Zero Trust Security

CMMC 2.0 Is Here: What Defence Contractors Need to Know About Access Control

CMMC 2.0 is no longer a future obligation. For tens of thousands of defence contractors, it is a present and pressing reality — and the gap between what most organisations have deployed and what the standard actually requires is wider than they realise.

What CMMC 2.0 Actually Requires

The Cybersecurity Maturity Model Certification programme, now at version 2.0, establishes three maturity levels for organisations in the Defence Industrial Base. Level 1 covers basic cyber hygiene for Federal Contract Information. Level 2 — the level that applies to most contractors handling Controlled Unclassified Information — maps directly to all 110 practices in NIST SP 800-171. Level 3 adds practices from NIST SP 800-172 for the most sensitive programmes.

The finalised CMMC rule, published in the Federal Register in late 2024, begins phasing into DoD contracts. Contractors who cannot demonstrate compliance will be ineligible for contracts that include CUI. For many organisations, that means a significant portion of their DoD revenue is contingent on achieving and maintaining CMMC Level 2.

The practical implication is significant. NIST 800-171 covers 110 controls across 14 families. The access control family alone — AC — contains 22 practices. Identity and authentication — IA — adds another 11. These are not documentation exercises. They require demonstrable technical controls that operate effectively, continuously, and in a way that can be verified by a C3PAO assessor.

Where Most Contractors Fall Short

The most common gaps we see in CMMC readiness assessments cluster around a small number of control families.

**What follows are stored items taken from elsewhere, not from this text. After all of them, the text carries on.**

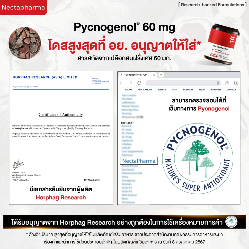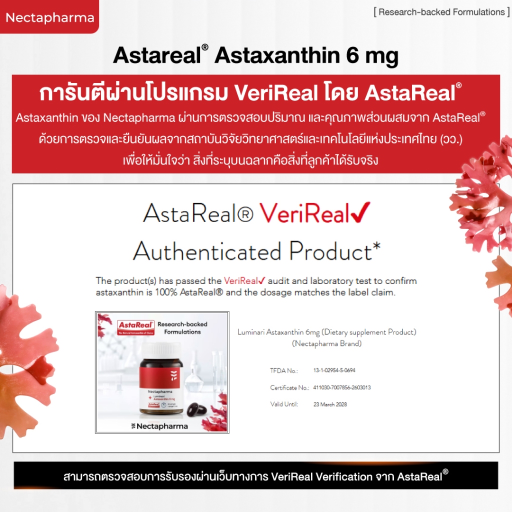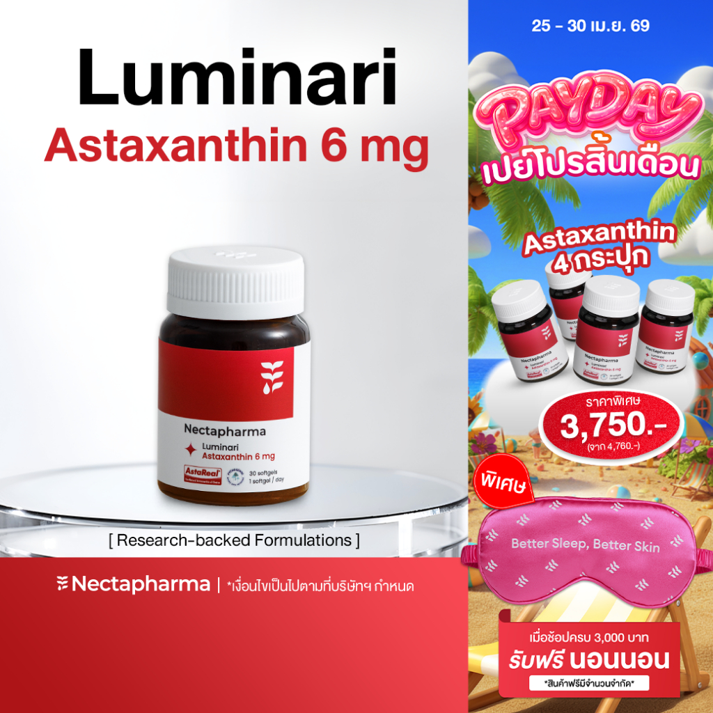 Nectapharma Luminari Astaxanthin ลูมินารี่ แอสตาแซนธิน ประกอบด้วย Pycnogenol CoQ10 Tocotrienol Piperine Zinc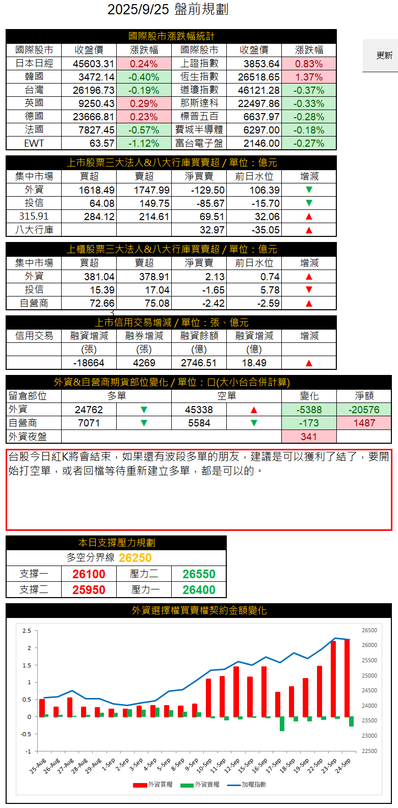 ▪利多消息:–外資夜盤期貨偏多操作 +341口。▪利空消息:–外資日盤期現貨同步偏空,現貨賣超 129.50億元,期貨 -3597口。–美股四大指數收跌。▪今日對策:–留意日K翻綠,多空線下請建立空單,行情會回測到哪邊先不預期。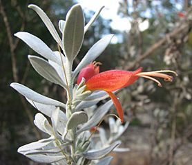 Description: Eremophila glabra 'Murchison Magic' (cultivated, labelled) Maranoa Gardens, Balwyn, Victoria, Australia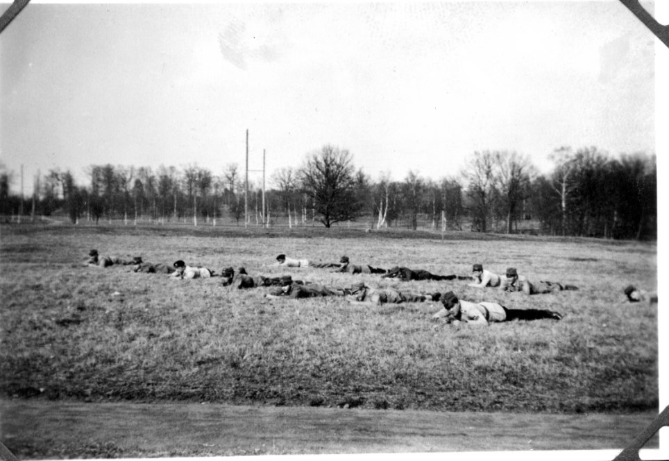 Landstormspojkar, liggande på ett fält. Eksjö.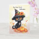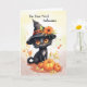 A very first Halloween is so special! Send this heartwarming card to celebrate with this adorable black cat with enchanting eyes. It is wearing a black hat with an orange daisy. Pumkpins are at the feet of this cute cat. Enjoy the magic of the season as you celebrate a very first Halloween! Purr-fect for a little boy or girl!
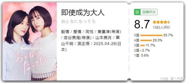 《即使是成年人》由栗山千明和山本美月主演,豆瓣8.7 分,在小众跑道上口碑不错。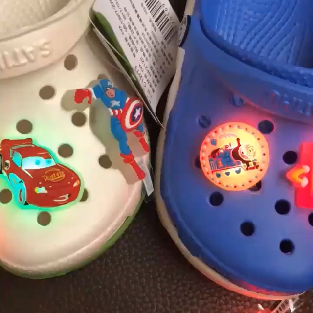 Bộ sản phẩm: Nút cài dép Sticker Jibbitz Charm 3D ĐÈN LED.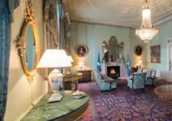 The drawing room in Bute House is commonly used by the First Minister to meet heads of foreign governments, other official guests and dignitaries, and is also used on occasions by the First Minister to hold media press conferences.[36]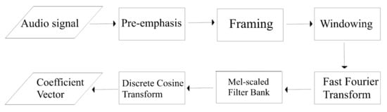 The calculation of the MFCC typically involves the following steps: pre-emphasis of the high frequency portion, segmentation of the signal into short-duration frames, multiplication of the frames with a desired window, calculation of fast Fourier transform, application of a Mel filter bank, and calculation of discrete cosine transform, as shown in Figure 1 [16]. This procedure is similar to the human auditory system’s perception, which is more sensitive to low-frequency components.

Multi-factor authentication (IA.3.083). CMMC Level 2 requires MFA for local and network access to organisational systems — including privileged accounts and all access to CUI systems. Many contractors have MFA deployed for their primary email and VPN, but not for the internal applications, legacy systems, and administrative interfaces where CUI actually lives. An assessor who looks past the perimeter will find authentication gaps almost immediately.

Least privilege (AC.2.006). The requirement to limit system access to authorised users and the minimum necessary access is straightforward in principle. In practice, most contractors have accumulated years of over-broad permissions. Service accounts with domain admin rights. Shared credentials for legacy applications. Users with access to entire network drives when they need two folders.

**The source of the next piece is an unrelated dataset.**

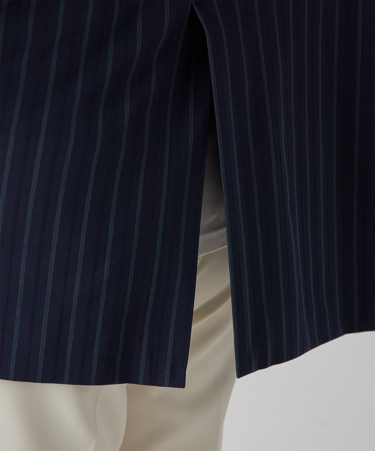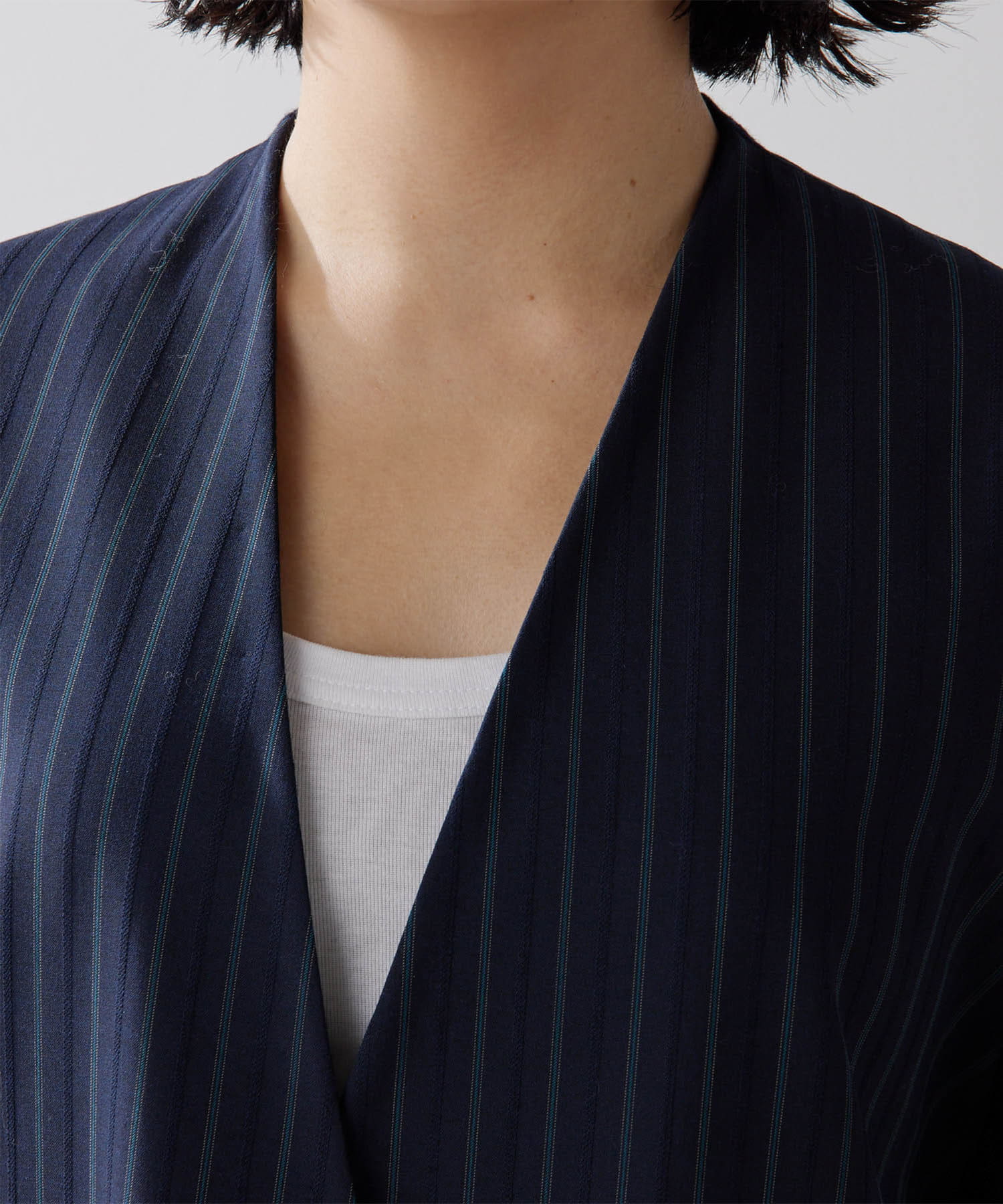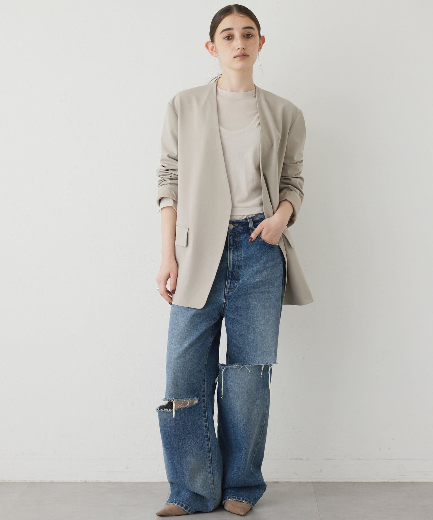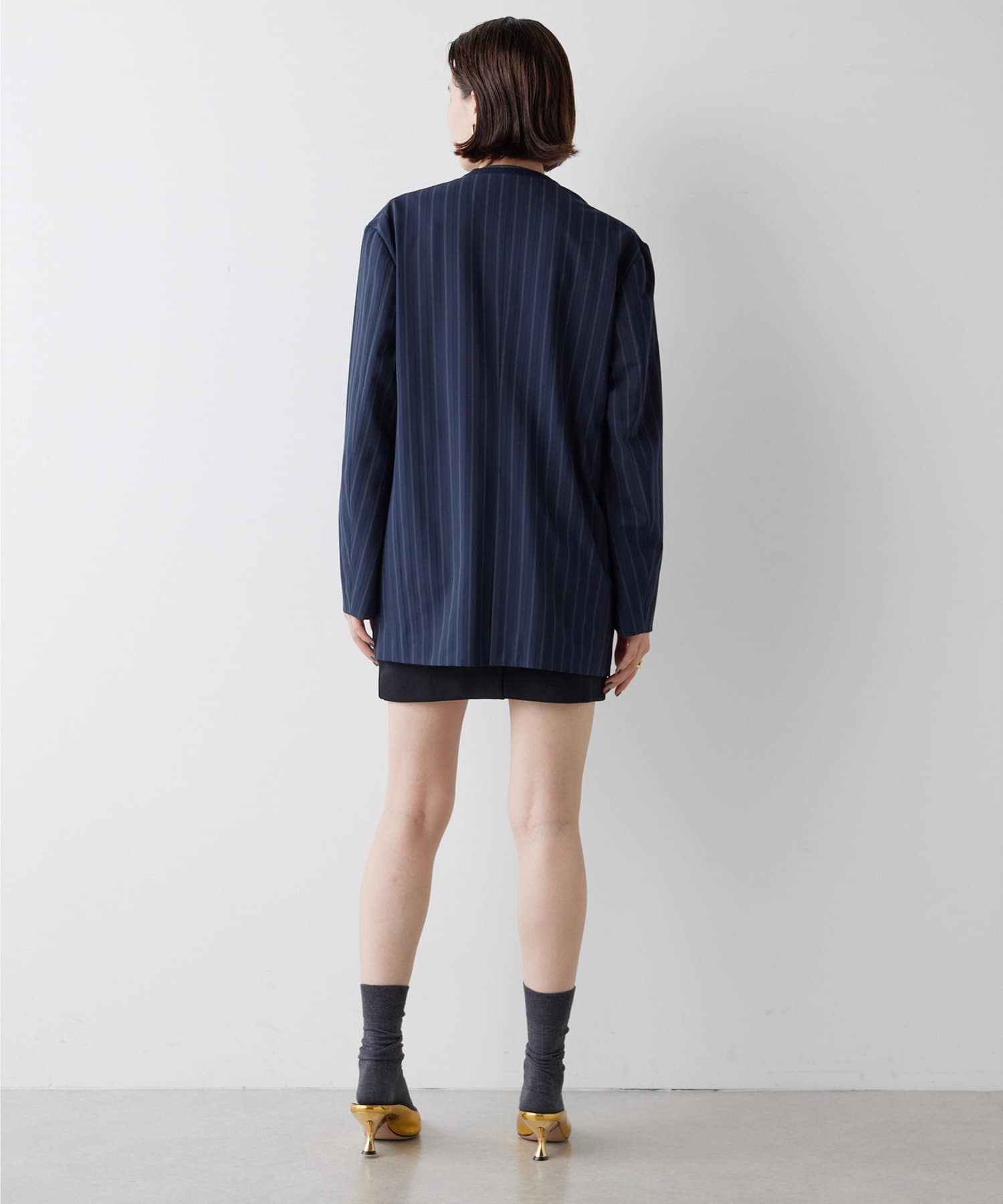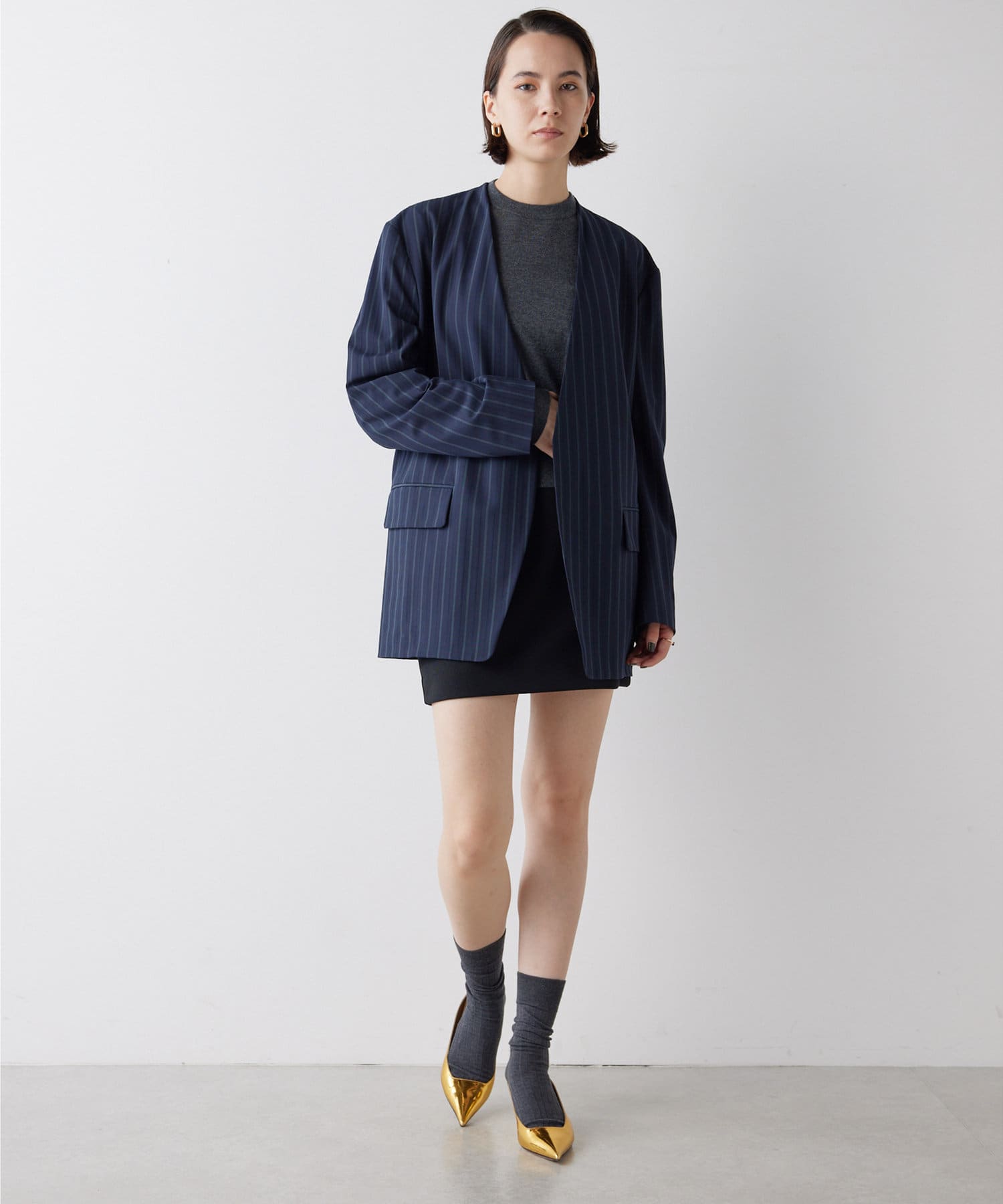 ■肩の落ちた抜けのあるシルエットと素材感を生かしたノーカラージャケット。

Remote access governance (AC.3.012). Monitoring and controlling remote access sessions requires more than a VPN log. Assessors want to see per-session authentication, device compliance validation, and an audit trail that shows who accessed what and when — not just who connected to the network.

Legacy application coverage. The controls apply to all systems that process, store, or transmit CUI. That includes the legacy ERP system, the thick-client programme management tool, and the forms-based application that the programme office built in 2009. If those systems cannot demonstrate MFA and access logging, the gap is real regardless of how well-controlled the modern applications are.

Why TAC Is Particularly Well-Suited to CMMC

Total Access Control addresses the CMMC access control and authentication requirements architecturally rather than through policy overlays. Because TAC operates as a reverse proxy, it can enforce MFA, device posture checks, and access logging for any application — including legacy systems that cannot natively support modern authentication — without modifying the application itself.

This matters enormously for CMMC compliance because the standard does not make exceptions for legacy systems. If a system processes CUI, it must meet the requirements. TAC closes the gap that every other authentication platform leaves open.

For the audit evidence requirements, TAC’s unified audit trail provides a single record of every access event across every protected system — user identity, device, location, application, and policy decision. C3PAO assessors reviewing access control and audit accountability controls can work from a single source rather than correlating logs across multiple systems.

The Timeline Pressure Is Real

CMMC assessments take time. Finding a C3PAO, scheduling an assessment, going through the process, and remediating findings is a multi-month exercise at minimum. Contractors who start that process after CMMC requirements appear in their contracts are already behind.

The organisations that will be best positioned are those that treat CMMC readiness as an ongoing operational state rather than a point-in-time compliance exercise. The controls that CMMC requires — MFA, least privilege, continuous device posture, access logging — are the same controls that reduce actual security risk. Implementing them properly delivers security value independent of the compliance requirement.